**Data section:**
•••

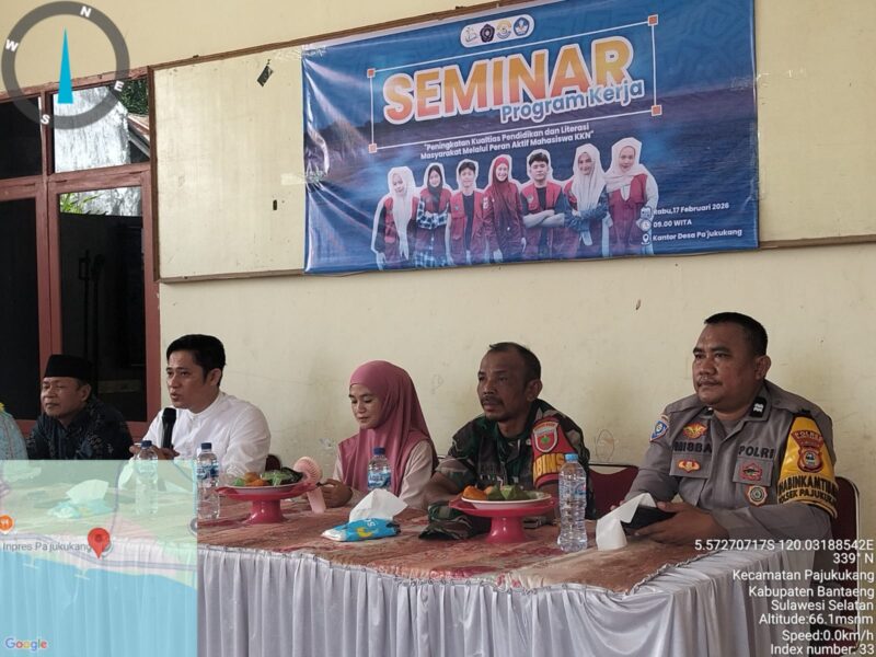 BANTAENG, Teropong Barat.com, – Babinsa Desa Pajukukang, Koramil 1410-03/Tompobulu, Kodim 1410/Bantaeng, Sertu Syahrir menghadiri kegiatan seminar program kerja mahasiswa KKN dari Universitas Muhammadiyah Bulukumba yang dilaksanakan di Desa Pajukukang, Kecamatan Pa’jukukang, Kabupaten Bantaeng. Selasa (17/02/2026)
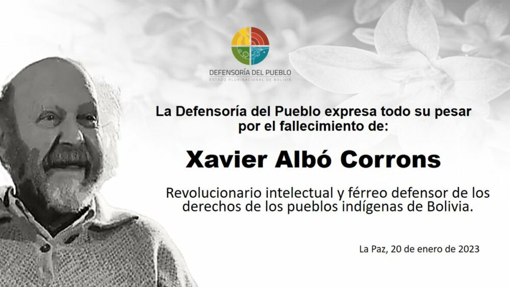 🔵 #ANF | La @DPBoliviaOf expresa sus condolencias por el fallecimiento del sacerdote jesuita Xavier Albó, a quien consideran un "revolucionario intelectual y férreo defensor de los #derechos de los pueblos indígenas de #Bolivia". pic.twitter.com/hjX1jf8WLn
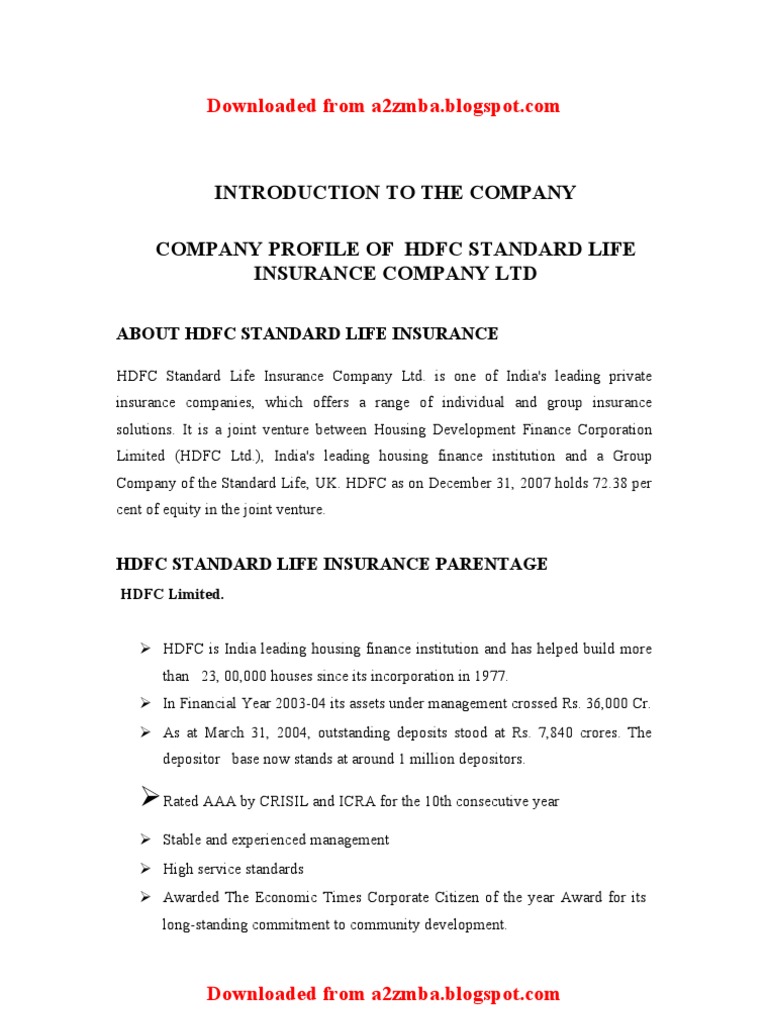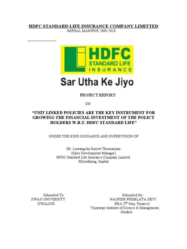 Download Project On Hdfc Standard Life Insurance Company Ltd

•••

Leave out every picture, and copy exactly the lines from the line that contains "La @DPBoliviaOf expresa" through the end of the material.

**Task response:**
 🔵 #ANF | La @DPBoliviaOf expresa sus condolencias por el fallecimiento del sacerdote jesuita Xavier Albó, a quien consideran un "revolucionario intelectual y férreo defensor de los #derechos de los pueblos indígenas de #Bolivia". pic.twitter.com/hjX1jf8WLn
 Download Project On Hdfc Standard Life Insurance Company Ltd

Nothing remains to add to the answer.